*** The data
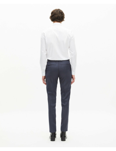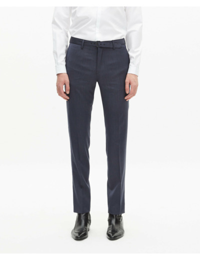 Pantalon homme The Kooples en laine, taille moyenne avec passants et ceinture. Jambe ajustée pour une silhouette affinée. Poches latérales italiennes et poches dos passepoilées. Fermeture zippée avec bouton de rappel et agrafe. Tissu italien de haute qualité. Pour un look complet, associez-le au modèle HVES30001KBLU01.
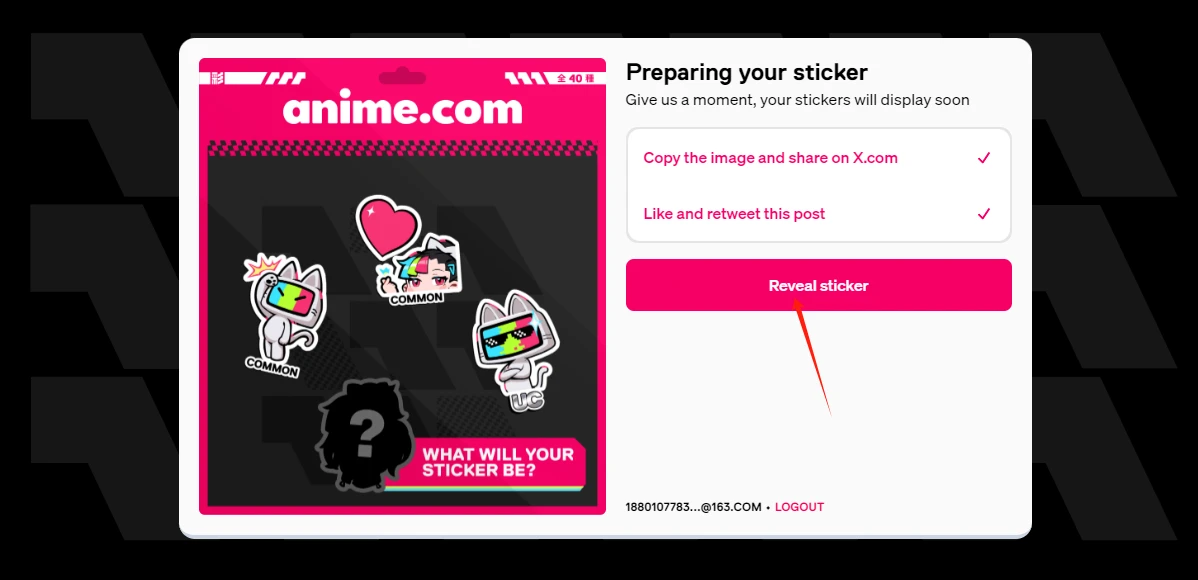 STEP 3. 复制已抽取的 NFT 头像并转发到 X 平台,同时转推、点赞 Azuki 官推对 Anime.com 宣传推文即可再获得一次抽取 NFT 的机会。
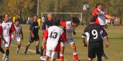 | 1- El defensor de Unión Eléctrica salta a cabecear para sacar el peligro de su área ante un ataque del líder, Villa María Repuestos. 2- Scania/Urbani, que igualó con Transporte Quevedo. 3- Transporte Quevedo |
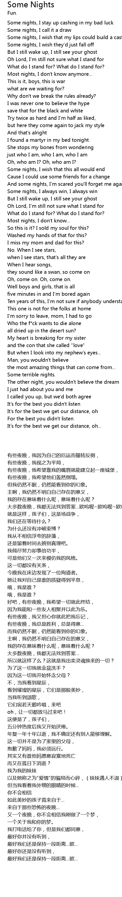 Some nights, I wish that this all would end |
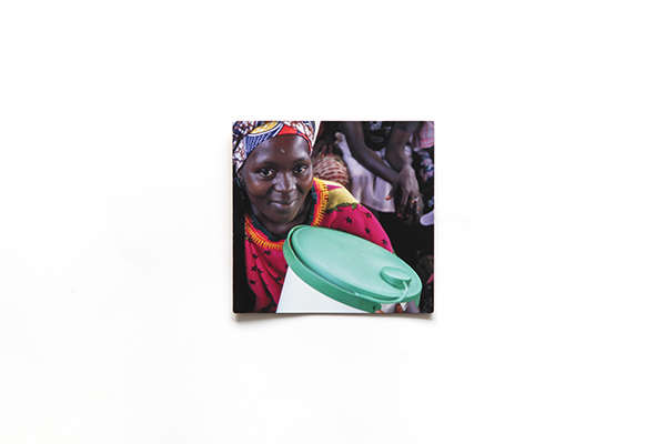 | Oxfam Unwrapped, leaflet, Oxfam GB, 2010, 12 x 12.5 cm. Violent conflicts between the rebel group Lord’s Resistance Army and the Ugandan government force have been lasting over 20 years in Northern Uganda. Many residents, known as Internally Displaced Persons (IDP), are forcibly moved into refugee camps not only for protection but more for distinguishing themselves from the rebel group. This photo inside the leaflet was taken at Mucwini camp around 2009. The young woman on the left foreground, an Acholi native in her mid-twenties from Kitgum, would have to trade sex for her basic necessities in the camp even with the so-called protection by the government, which is notoriously corrupted. Staring at these beautiful and brand-new jerry cans, she would not believe they are free. |
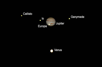 Telescopic Jupiter and Venus (north up) as they would be seen in a small telescope, with the same magnification. At 8 pm EST February 14, 2024, for Jupiter, and 7 am on the 15th, for Venus. Apparent diameters: Jupiter 37.99″; and Venus 11.62″, 88.7% illuminated. Europa will be transiting the face of Jupiter at 8 pm. It starts across at7:20 pm. Satellites are hard to observe when transiting. Europa will end its transit at 9:43 pm. A short time later, at 9:54 its shadow will start to cross the face of Jupiter. The ” symbol means seconds of arc (1/3600th of a degree).Click or tap on the image to enlarge it. Created using Cartes du Ciel (Sky Charts) and GIMP.
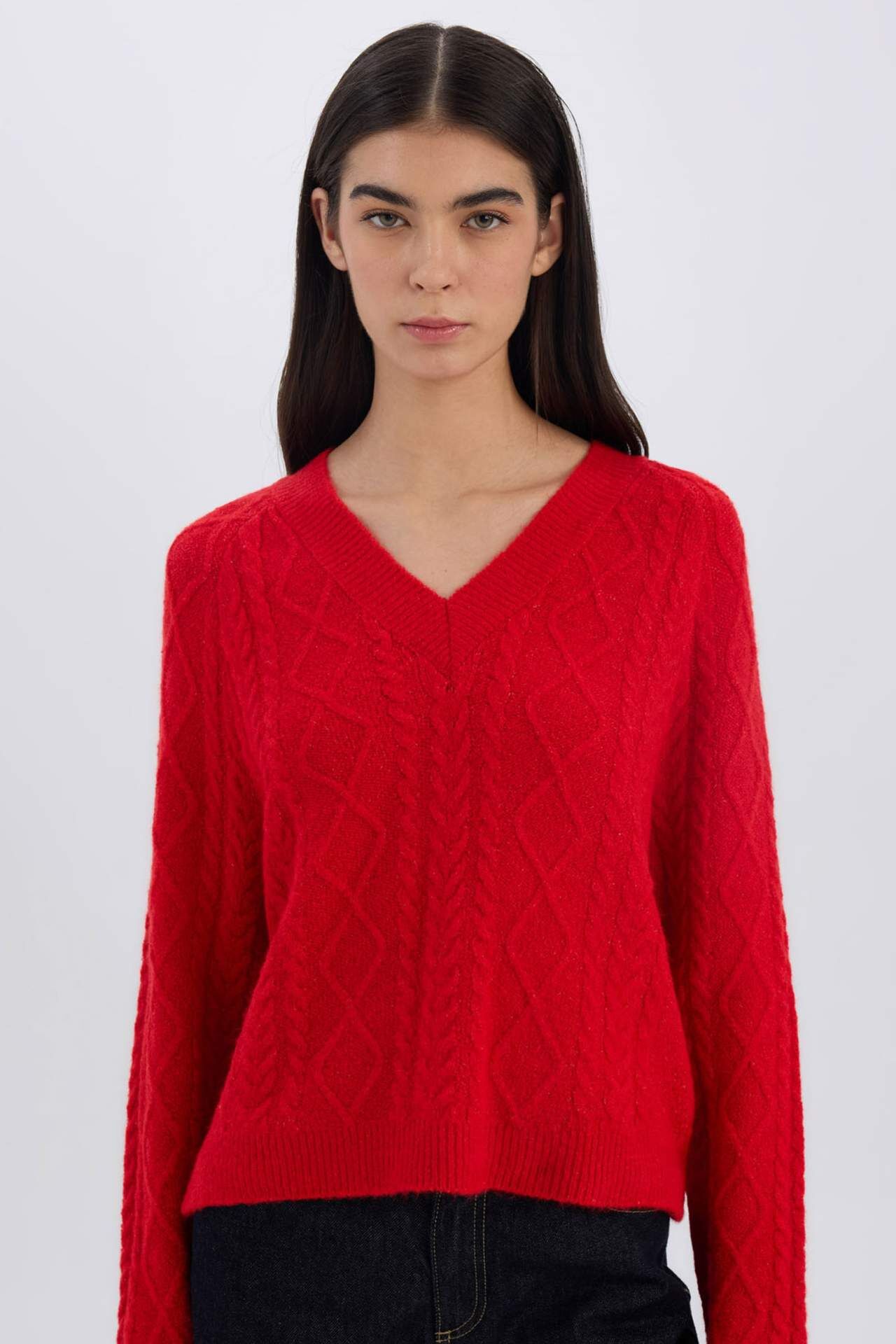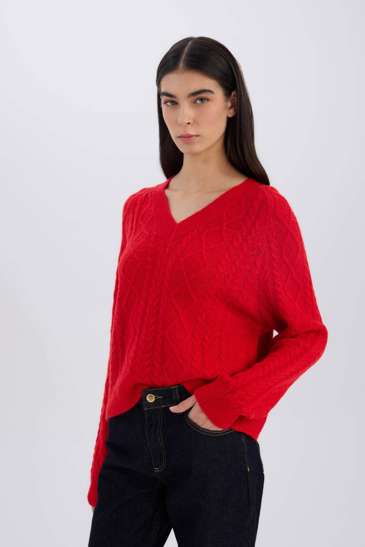 DeFacto Kadın Relax Fit V Yaka Saç Örgülü Triko Kırmızı Kazak
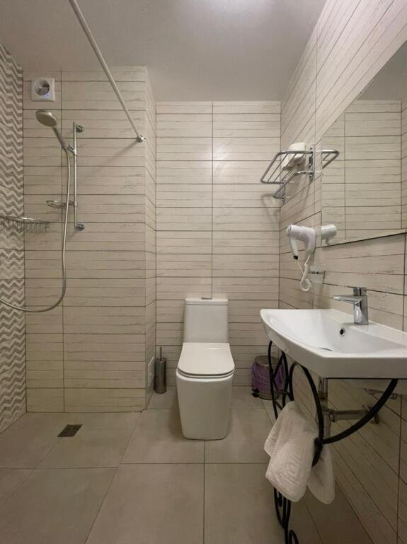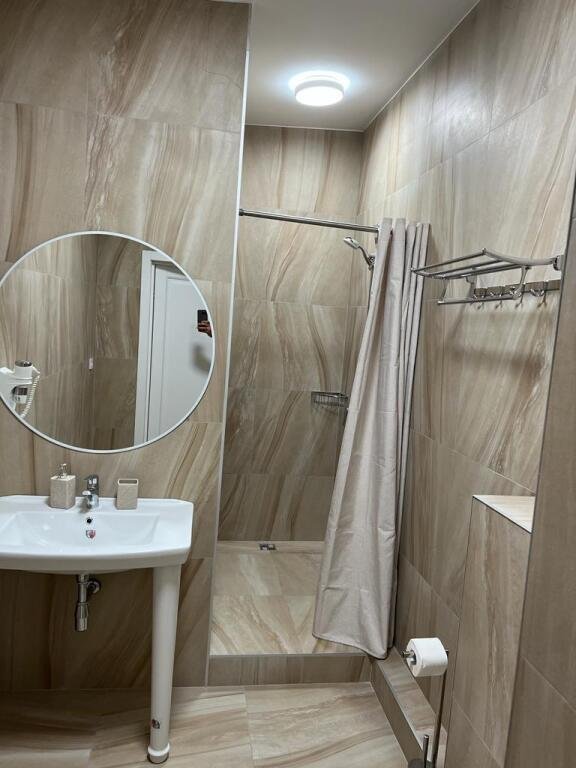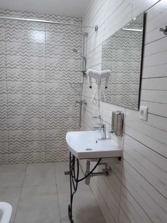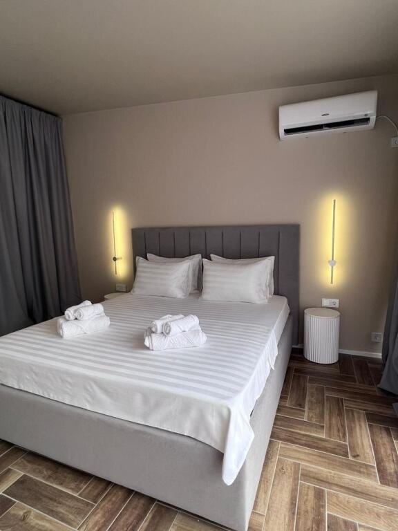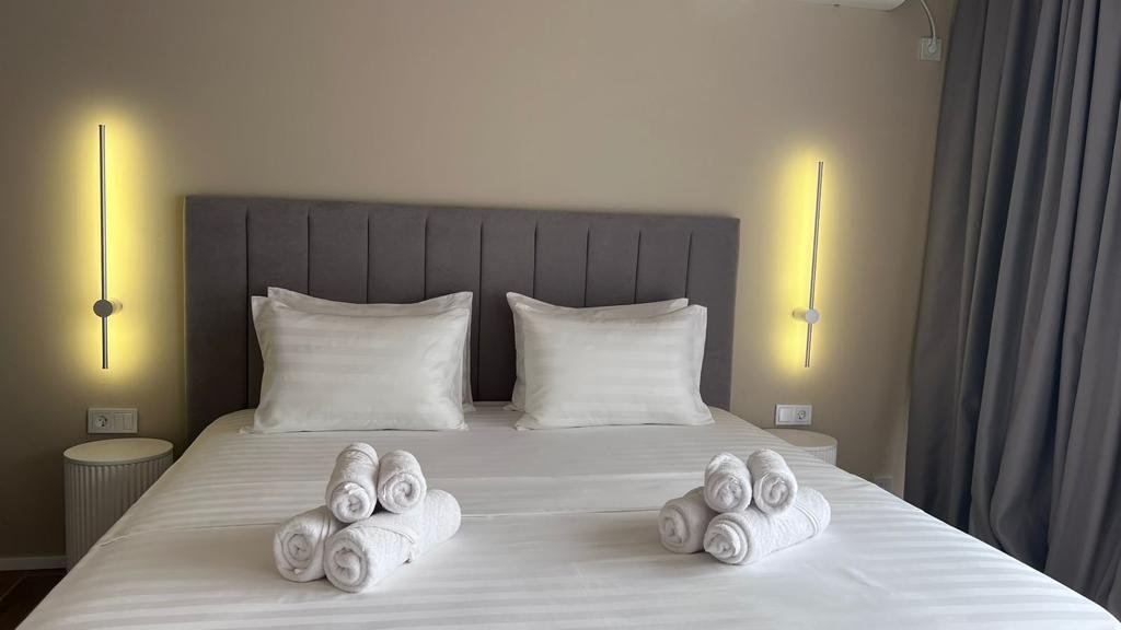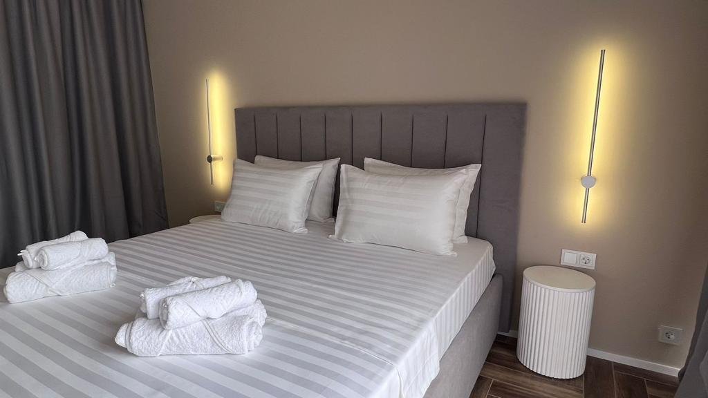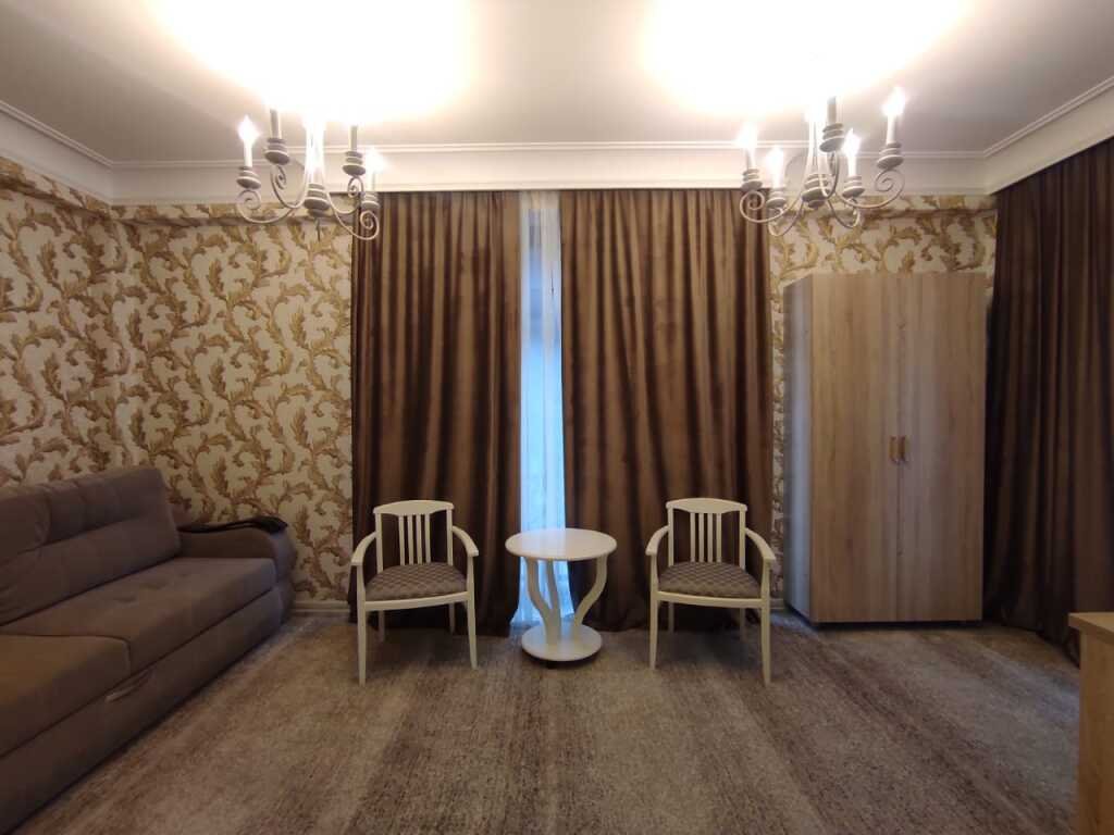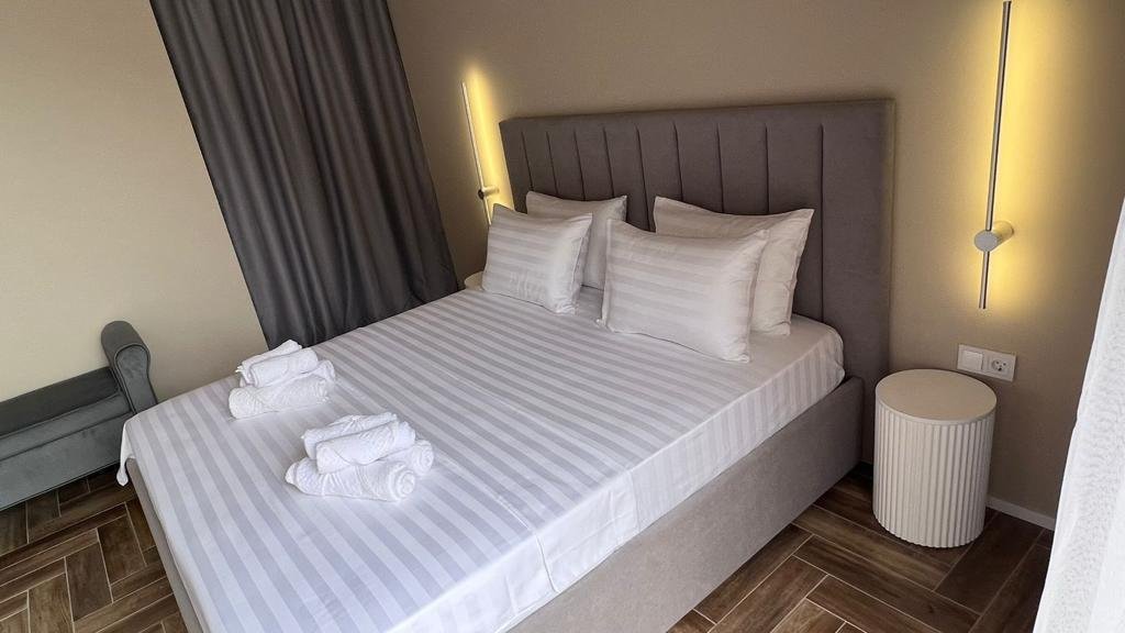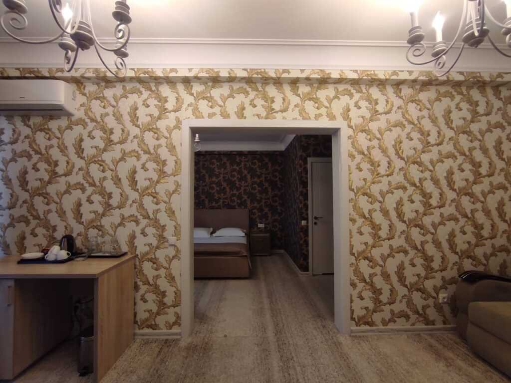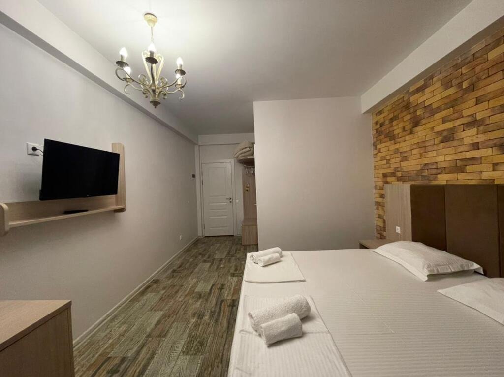 Прекрасные номера - хороший ремонт , Кровать, тумбы, стол, балкон с мебелью (стол и стулья), сушилка на балконе, интернет, телевизор с каналами разных фильмов , кондиционер, холодильник, комфортный матрас, Шторы блэкаут, отличная шумоизоляция, в душе полы с подогревом (это очень актуально при 100% влажности в Абхазии) , фен, мыло.
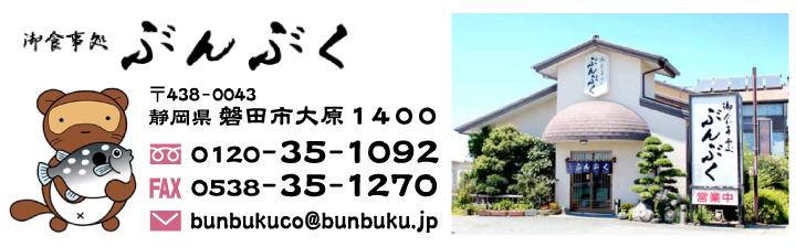 当店 「ぶんぶく」は分福茶釜から名前がついたと先代から聞いておりますが、 その他に「福を分ける」、当店に来て頂いた方々に、 お食事を通して「福」を分けるとも聞いておりました。
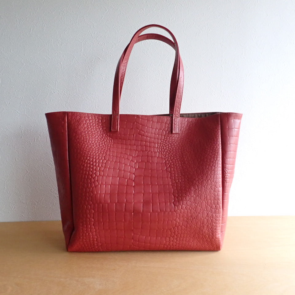たっぷり入る大きなトートバッグながら、高級感を大切にしつつもリーズナブルにご提供するために、独自に革を仕入して、個別に型押しを施してから制作しているバッグです。ますます便利で使いやすく、お仕事やお出かけをフォローいたします☺
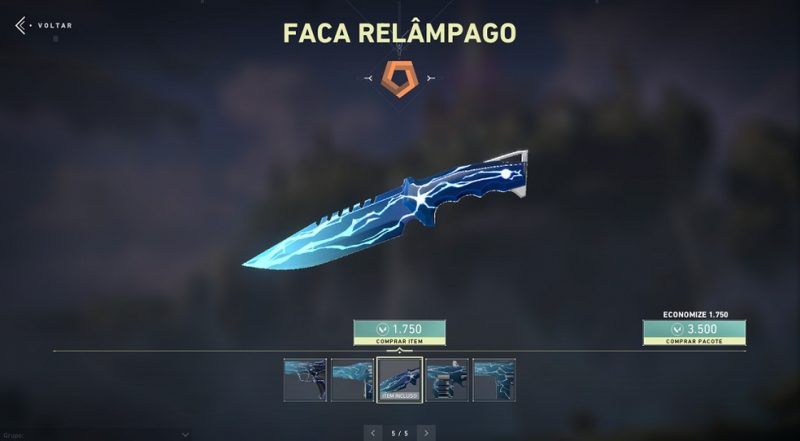 O pacote completo já está disponível na loja e pode ser adquirido por 3.500 Valorant Points. Diferentemente da maioria das coleções adicionadas ao jogo, a “Relâmpago” não possui cosméticos adicionais como chaveiros, cartas e efeitos especiais, além de suas skins não serem personalizáveis.
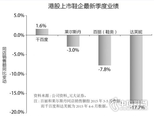 不久前刚发布的上市鞋企中期业绩显示,百丽、、达芙妮等鞋企的同店销售纷纷增长放缓,有的甚至出现大幅度下滑现象。元大证券在对千百度、莱尔斯丹、百丽、达芙妮这四家在港上市鞋企最新季度业绩表现进行比较后,更是直截了当地把达芙妮第二季度的销售额称作“在香港上市同业中最差”。
******
• Exercise goal
Exact output of each line above is wanted, without the pictures.

• Solution for this task
 Pantalon homme The Kooples en laine, taille moyenne avec passants et ceinture. Jambe ajustée pour une silhouette affinée. Poches latérales italiennes et poches dos passepoilées. Fermeture zippée avec bouton de rappel et agrafe. Tissu italien de haute qualité. Pour un look complet, associez-le au modèle HVES30001KBLU01.
 STEP 3. 复制已抽取的 NFT 头像并转发到 X 平台,同时转推、点赞 Azuki 官推对 Anime.com 宣传推文即可再获得一次抽取 NFT 的机会。
 | 1- El defensor de Unión Eléctrica salta a cabecear para sacar el peligro de su área ante un ataque del líder, Villa María Repuestos. 2- Scania/Urbani, que igualó con Transporte Quevedo. 3- Transporte Quevedo |
 Some nights, I wish that this all would end |
 | Oxfam Unwrapped, leaflet, Oxfam GB, 2010, 12 x 12.5 cm. Violent conflicts between the rebel group Lord’s Resistance Army and the Ugandan government force have been lasting over 20 years in Northern Uganda. Many residents, known as Internally Displaced Persons (IDP), are forcibly moved into refugee camps not only for protection but more for distinguishing themselves from the rebel group. This photo inside the leaflet was taken at Mucwini camp around 2009. The young woman on the left foreground, an Acholi native in her mid-twenties from Kitgum, would have to trade sex for her basic necessities in the camp even with the so-called protection by the government, which is notoriously corrupted. Staring at these beautiful and brand-new jerry cans, she would not believe they are free. |
 Telescopic Jupiter and Venus (north up) as they would be seen in a small telescope, with the same magnification. At 8 pm EST February 14, 2024, for Jupiter, and 7 am on the 15th, for Venus. Apparent diameters: Jupiter 37.99″; and Venus 11.62″, 88.7% illuminated. Europa will be transiting the face of Jupiter at 8 pm. It starts across at7:20 pm. Satellites are hard to observe when transiting. Europa will end its transit at 9:43 pm. A short time later, at 9:54 its shadow will start to cross the face of Jupiter. The ” symbol means seconds of arc (1/3600th of a degree).Click or tap on the image to enlarge it. Created using Cartes du Ciel (Sky Charts) and GIMP.
 DeFacto Kadın Relax Fit V Yaka Saç Örgülü Triko Kırmızı Kazak
 Прекрасные номера - хороший ремонт , Кровать, тумбы, стол, балкон с мебелью (стол и стулья), сушилка на балконе, интернет, телевизор с каналами разных фильмов , кондиционер, холодильник, комфортный матрас, Шторы блэкаут, отличная шумоизоляция, в душе полы с подогревом (это очень актуально при 100% влажности в Абхазии) , фен, мыло.
 当店 「ぶんぶく」は分福茶釜から名前がついたと先代から聞いておりますが、 その他に「福を分ける」、当店に来て頂いた方々に、 お食事を通して「福」を分けるとも聞いておりました。
たっぷり入る大きなトートバッグながら、高級感を大切にしつつもリーズナブルにご提供するために、独自に革を仕入して、個別に型押しを施してから制作しているバッグです。ますます便利で使いやすく、お仕事やお出かけをフォローいたします☺
 O pacote completo já está disponível na loja e pode ser adquirido por 3.500 Valorant Points. Diferentemente da maioria das coleções adicionadas ao jogo, a “Relâmpago” não possui cosméticos adicionais como chaveiros, cartas e efeitos especiais, além de suas skins não serem personalizáveis.
 不久前刚发布的上市鞋企中期业绩显示,百丽、、达芙妮等鞋企的同店销售纷纷增长放缓,有的甚至出现大幅度下滑现象。元大证券在对千百度、莱尔斯丹、百丽、达芙妮这四家在港上市鞋企最新季度业绩表现进行比较后,更是直截了当地把达芙妮第二季度的销售额称作“在香港上市同业中最差”。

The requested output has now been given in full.